══ DATASET EXTRACT

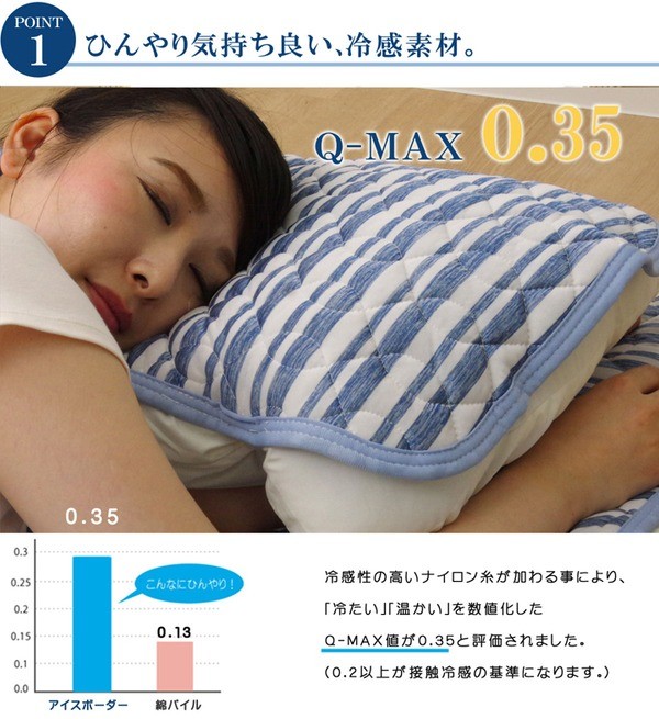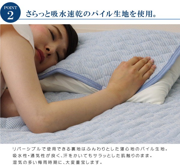 接触冷感・吸水速乾・消臭機能が特徴の商品です。こちらの商品は、両面使えるリバーシブル素材です。表地にはQ-MAX0.35以上の冷感素材を使用。裏面には柔らかな肌触りが特徴の吸水速乾パイルを使用しています。中わたには消臭加工を施しています。エアコンが苦手な方でも快適に。節電、節約にもつながる商品です。ズレにくいよう端にはゴムバンド付きです。洗濯機で丸洗いが可能なので、いつでも清潔にご使用頂けます。
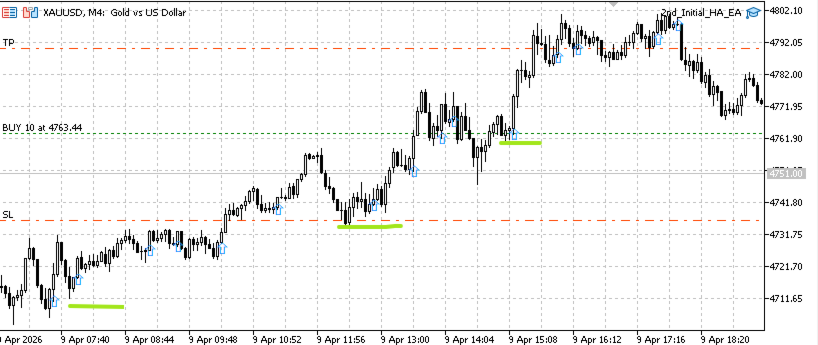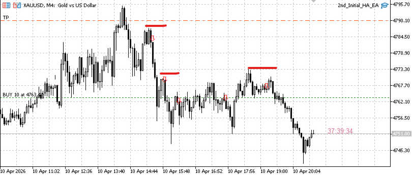 2. Entry Execution – Depending on the selected mode, the EA either enters immediately (Standard) or places a pending order at the last swing high/low (Second Mode).
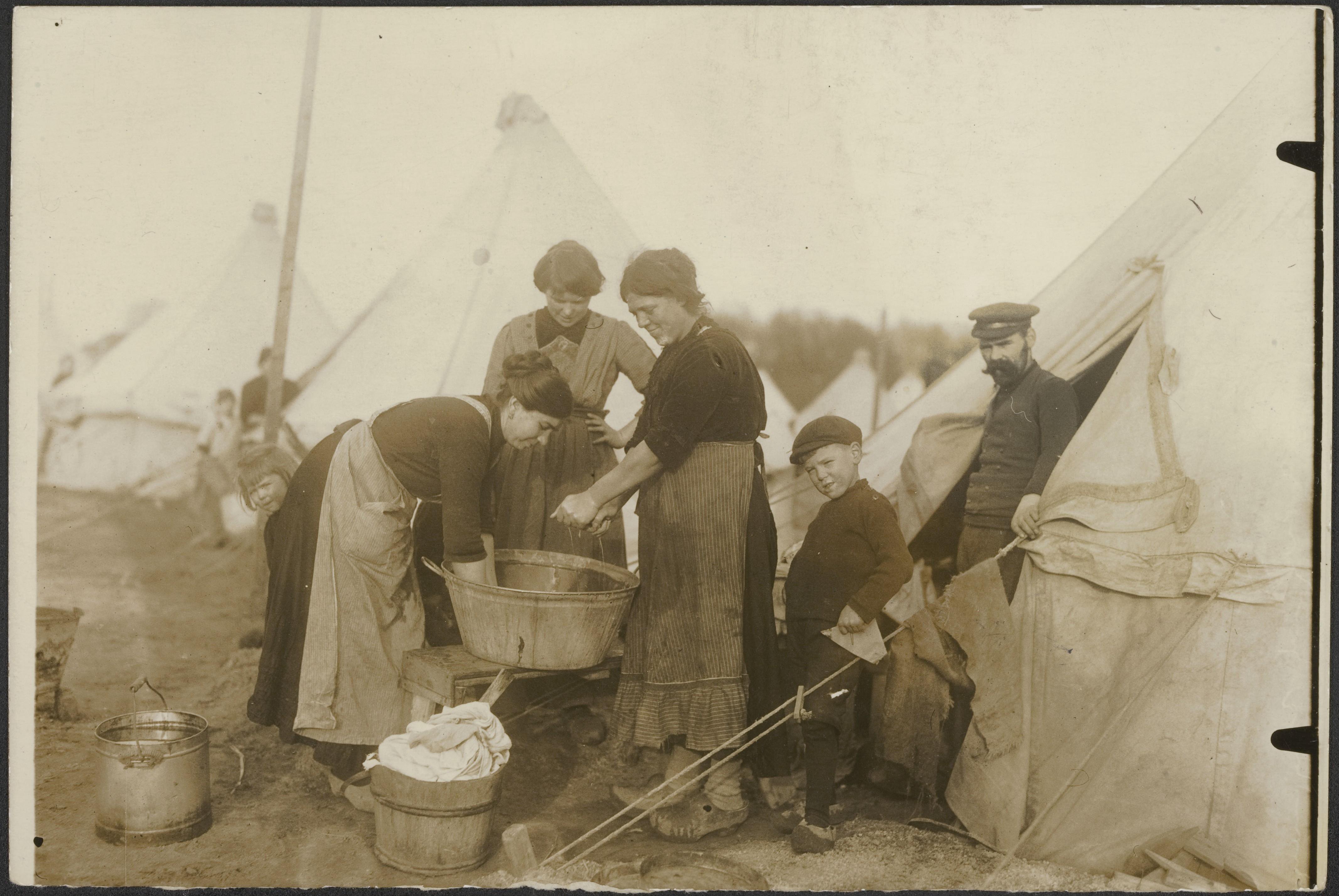 📸6: De was wordt gedaan in een tentenkamp voor Belgische vluchtelingen
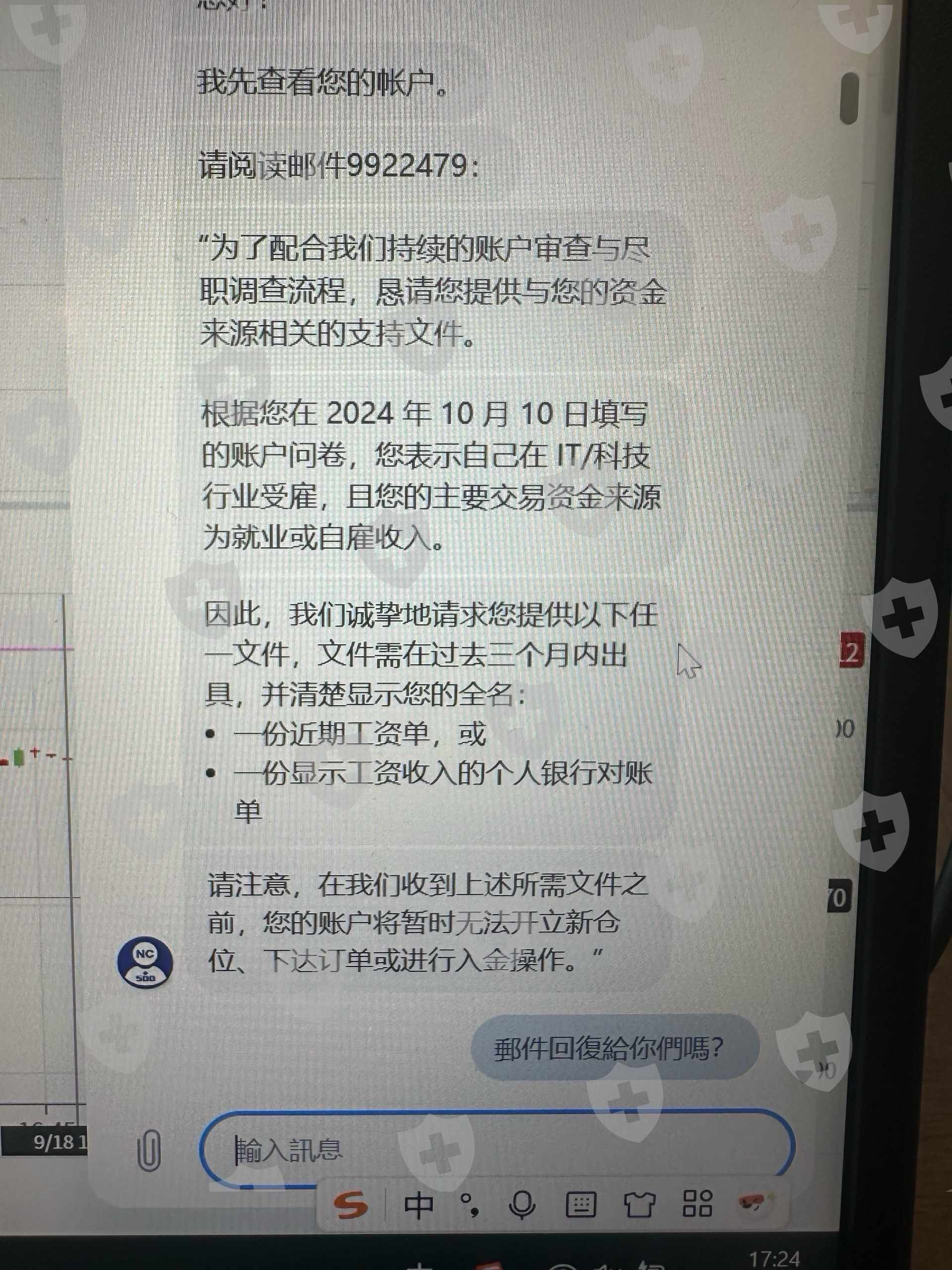 出金申請了一個多月了,剛開始要收入證明,提供工資證明後,兩周後才答復我說要提供工資流水和地址證明,我也提供了,然後一個多星期過去了,還是一直審核,不給時間不給結果。

════

→ **WHAT THIS TASK INVOLVES**
Restate the material above word for word, so that nothing changes except that the pictures are gone.

→ **TASK SOLUTION**
 接触冷感・吸水速乾・消臭機能が特徴の商品です。こちらの商品は、両面使えるリバーシブル素材です。表地にはQ-MAX0.35以上の冷感素材を使用。裏面には柔らかな肌触りが特徴の吸水速乾パイルを使用しています。中わたには消臭加工を施しています。エアコンが苦手な方でも快適に。節電、節約にもつながる商品です。ズレにくいよう端にはゴムバンド付きです。洗濯機で丸洗いが可能なので、いつでも清潔にご使用頂けます。
 2. Entry Execution – Depending on the selected mode, the EA either enters immediately (Standard) or places a pending order at the last swing high/low (Second Mode).
 📸6: De was wordt gedaan in een tentenkamp voor Belgische vluchtelingen
 出金申請了一個多月了,剛開始要收入證明,提供工資證明後,兩周後才答復我說要提供工資流水和地址證明,我也提供了,然後一個多星期過去了,還是一直審核,不給時間不給結果。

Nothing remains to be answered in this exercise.